Recent debate about battery cages has been crowded with opinions. It’s time to refocus on what’s important: the welfare of the animals involved and the future of the egg industry.
Reviewing the standards that govern the way poultry are farmed in Australia offers an incredible, once-every-15-years opportunity to align farming practices with the best available knowledge and science.
That’s why the Victorian Government’s independently commissioned, comprehensive, scientific review of the evidence about the welfare impacts of farming birds is so momentous.
The review says that the conventional battery cage system that currently dominates our local industry “prevents birds from performing basic movements essential for good health (walking, wing stretching), and denies birds the possibility of expressing their behavioural needs to roost, nest and forage, or their motivation to dust-bathe, due to an inherent lack of resources.”
It goes on to note that caged environments “are associated with increased mortality, an increase in physiological stress and compromised immune function.”
In short, battery cages cause suffering.

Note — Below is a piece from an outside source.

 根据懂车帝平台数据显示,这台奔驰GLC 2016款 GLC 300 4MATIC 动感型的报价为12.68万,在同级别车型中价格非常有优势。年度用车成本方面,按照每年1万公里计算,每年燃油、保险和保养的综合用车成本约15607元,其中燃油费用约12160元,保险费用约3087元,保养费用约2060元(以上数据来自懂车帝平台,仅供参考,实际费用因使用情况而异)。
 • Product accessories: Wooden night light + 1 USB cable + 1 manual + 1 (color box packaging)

The evidence and the science are clear; conventional battery cage systems are inherently cruel and bad for welfare.
But what does the community think?
Battery cages are now illegal in many developed countries, phased out in recognition of both the animal welfare science and the expectations of the community.
In Australia, the majority of consumers now choose cage-free over cage egg options on the supermarket shelves.

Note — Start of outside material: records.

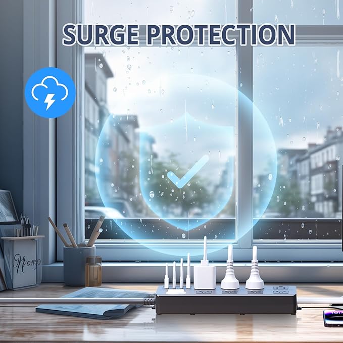 - 【Electric Shockproof Outlet Strip】: Designed for outdoor use,this shockproof strip enhances safety by preventing objects from reaching the inner circuit;Tailored for US plugs;Note: Plug insertion may require extra force due to the protective design.
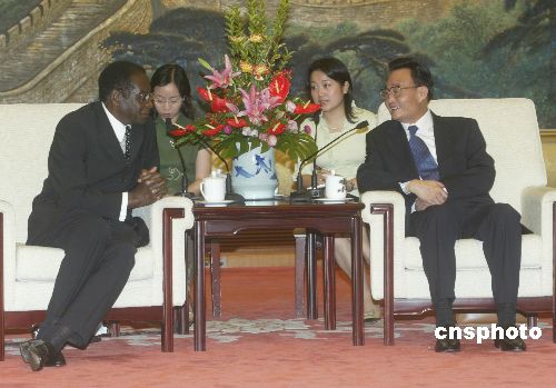 圖:吳邦國會見津巴布韋總統(tǒng)穆加貝
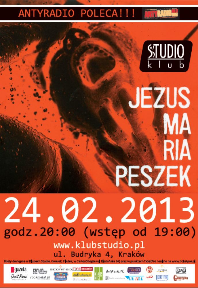Jesienna trasa promujšca płytę Jezus Maria Peszek spotkała się z entuzjastycznym odbiorem. Kilkanacie koncertów zobaczyło ponad 10 tysięcy ludzi. Wiedzielimy, że nowy materiał ma w sobie fantastyczny potencjał, ale okazało się, że Jezus to koncertowa petarda! To niesamowite uczucie, gdy stoisz na scenie i widzisz takie żywiołowe reakcje, kiedy ludzie piewajš głoniej niż ty. Taki emocjonalny odbiór publicznoci pokazuje, że to co robię ma sens. Jeli otrzymuję tak olbrzymi odzew z tamtej strony, to wiem, że warto było się narażać, znosić ataki i ić własnš drogš podsumowuje artystka. Żeby w pełni dowiadczyć emocji jakie wyzwala płyta, która w Polsce wywołała burzę i o której sama Maria mówi, że jest dla niej najważniejsza, trzeba być na koncercie a koncert w Krakowie już 24 lutego!
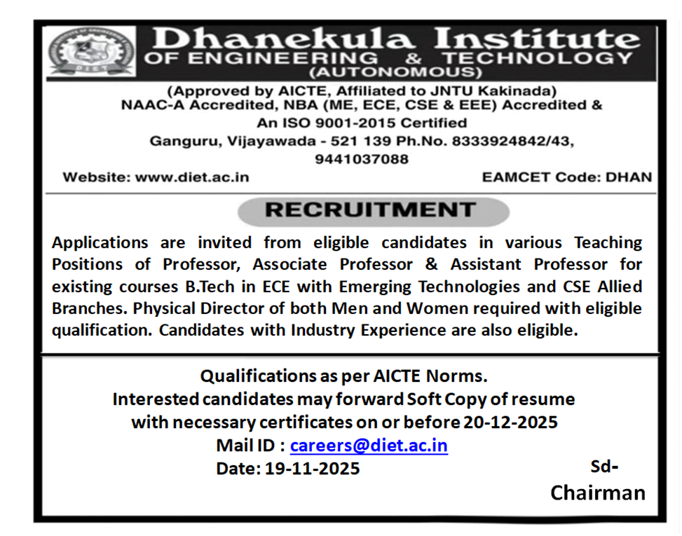 Faculty Recruitment 2025 Job notification announced by Dhanekula Institute of Engineering & Technology, Vijayawada, Andhra Pradesh for Academic Year 2025-2026. Eligible candidates may apply through Email.

Some of our biggest food brands in Australia and overseas are going cage-free as well – Grill’d Healthy Burgers, McDonald’s, Hungry Jacks’, Subway, Arnott’s and Mars, to name just a few.

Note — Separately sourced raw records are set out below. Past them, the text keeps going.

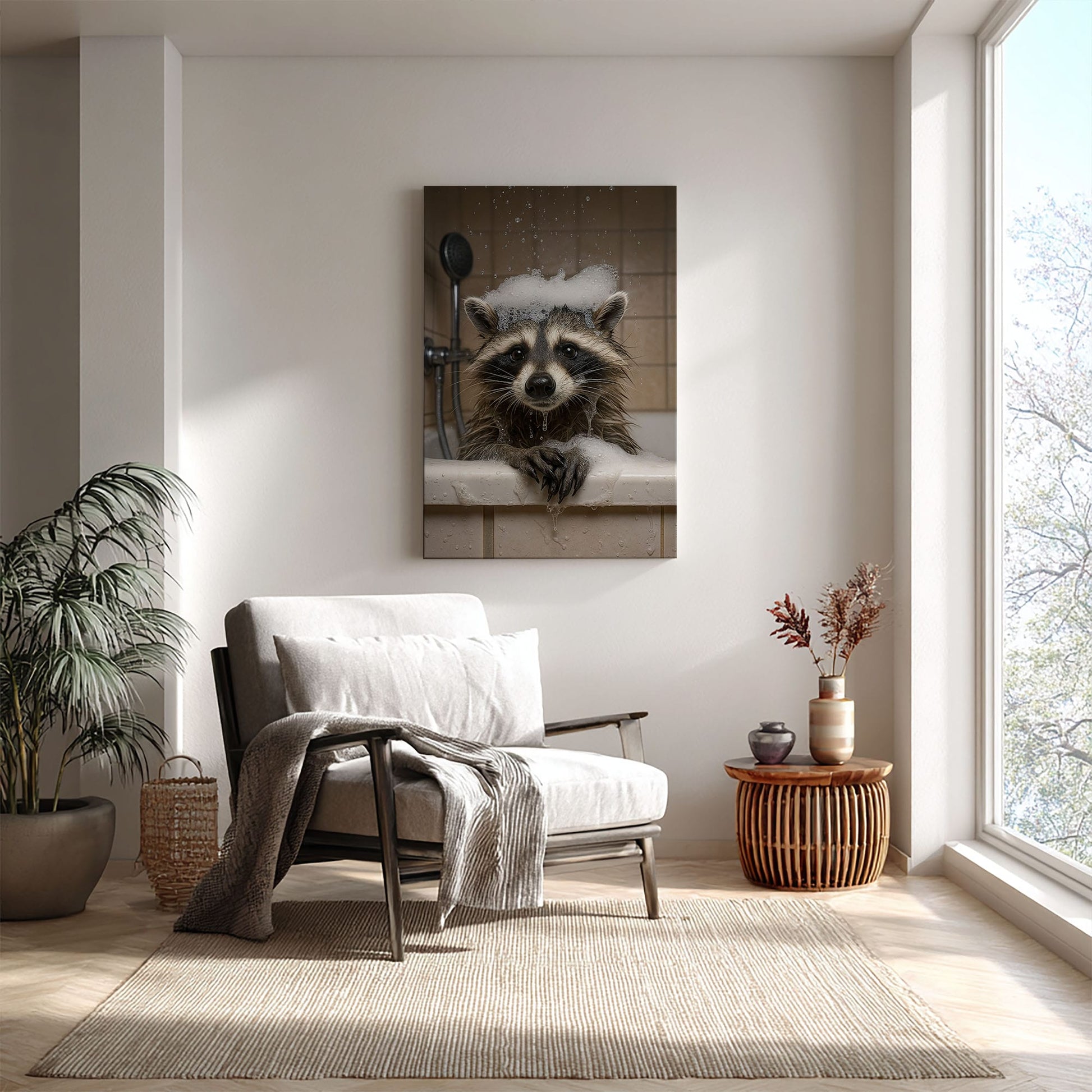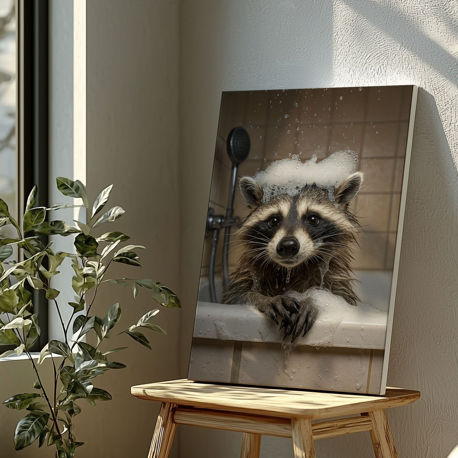 Raccoon Bubble Bath Canvas – Funny Bathroom Wall Art for Hunters
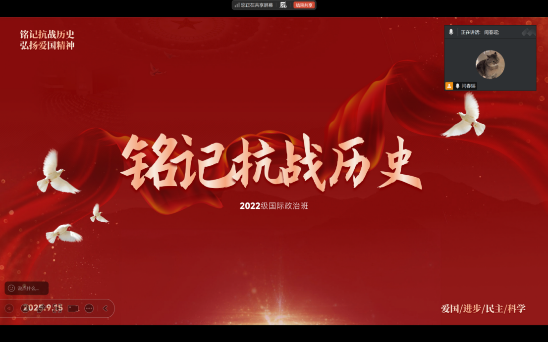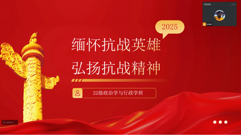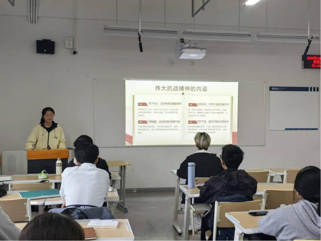 各班级联动开展“沉浸式”爱国主义教育活动。2022级政治学与行政学班班长陈寒璐同学围绕“缅怀抗战英雄,弘扬抗战精神”开展主题班会,以时间轴方式梳理抗战历程,结合淞沪会战、平型关大捷等重要战役与英雄事迹,组织同学们深入探讨爱国主义教育的时代意义,引导大家在历史回望中筑牢信仰根基、凝聚精神力量。
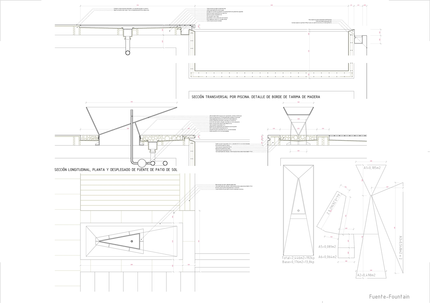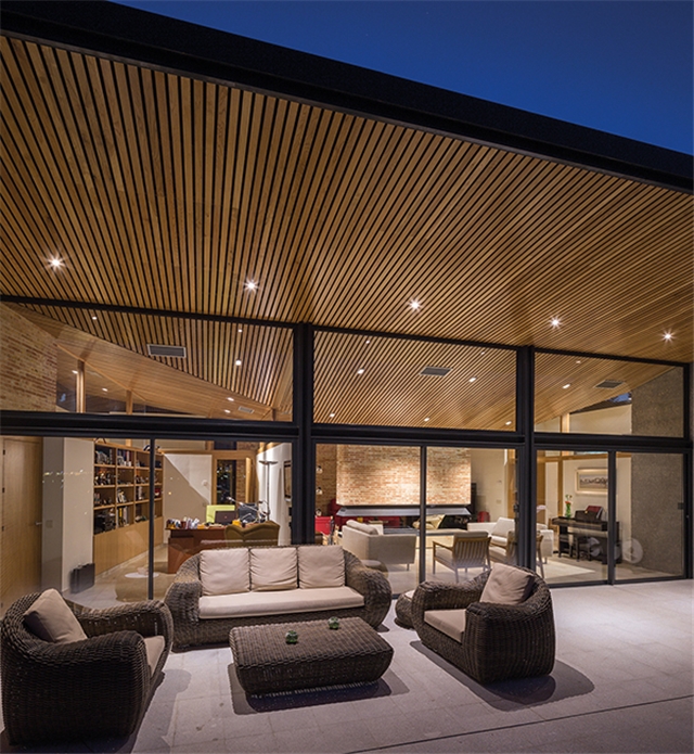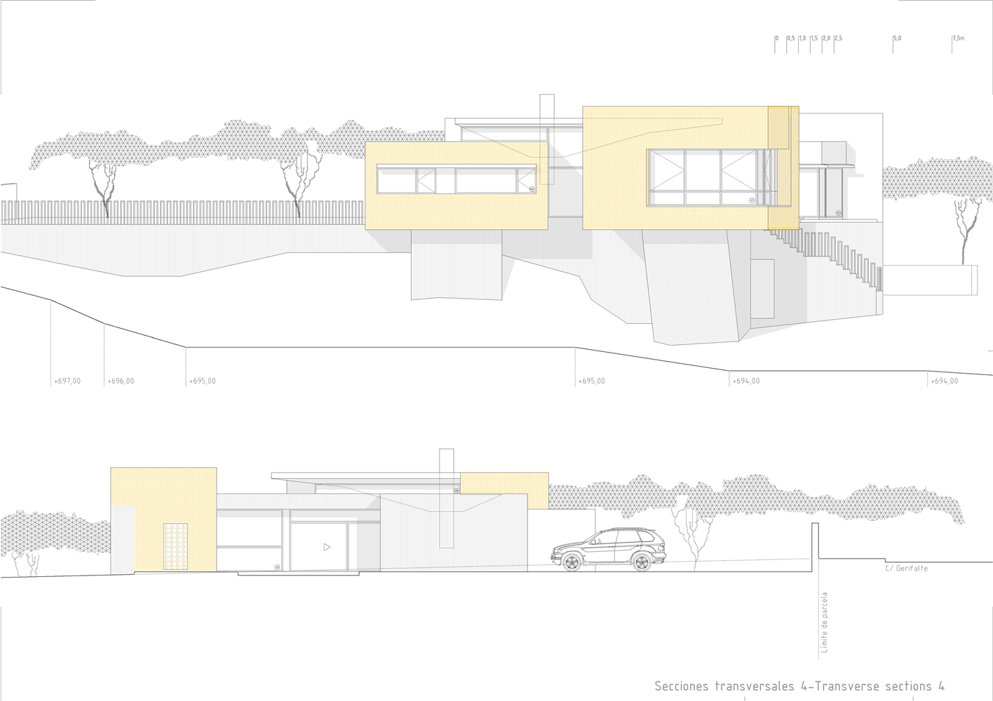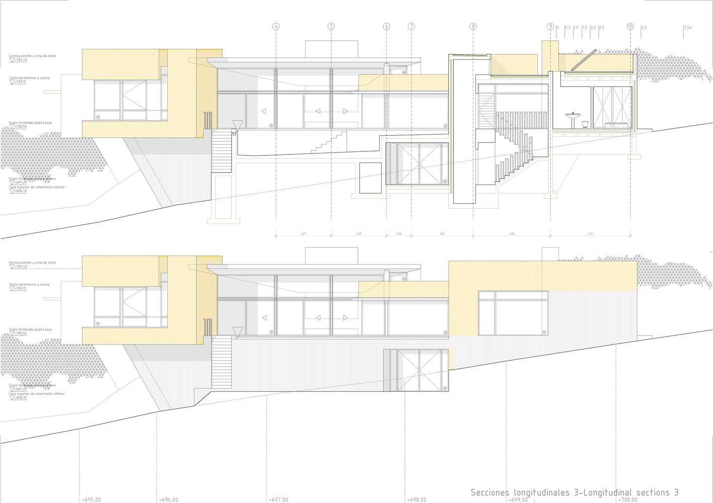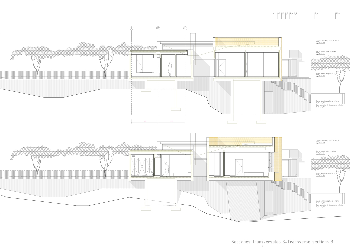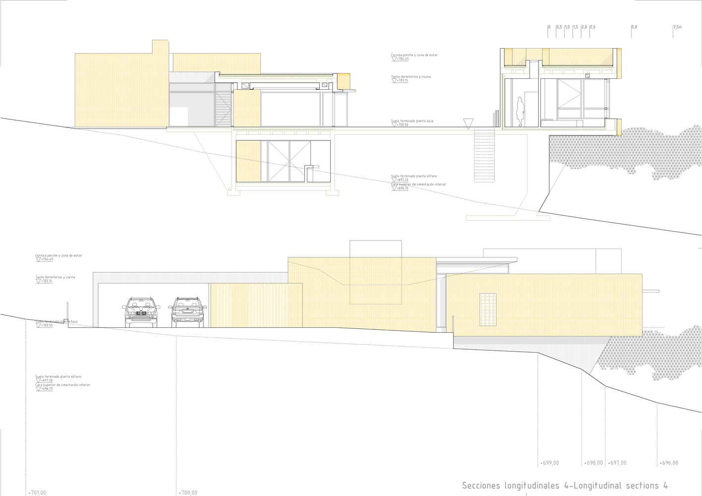 De la macla de volúmenes que conforman el proyecto se destaca la zona de estar, que ocupa la posición central del esquema, vuelca hacia el patio de sol y gira en torno a una gran chimenea colgante, que define dos ámbitos diferenciados. Rodeada de luz cenital y de un techo en forma de impluvium, la chimenea se convierte a mediodía en una gran linterna que ilumina toda esta área central. Finalmente, los dormitorios se agrupan en dos volúmenes que se despegan de la parte más baja del solar y dominan el paisaje a modo de atalayas.

So the question is: which path will the egg industry choose? Those who’ve followed the trajectory of welfare improvements right across primary production know there are two ways to approach change.
One option is to run to keep up, only after the patience of domestic or export customers has been exhausted – as the Australian wool and sheep-meat industries are now doing on mulesing.
The other is to anticipate the future of the industry, plan for it, and act now to support individual producers to adapt.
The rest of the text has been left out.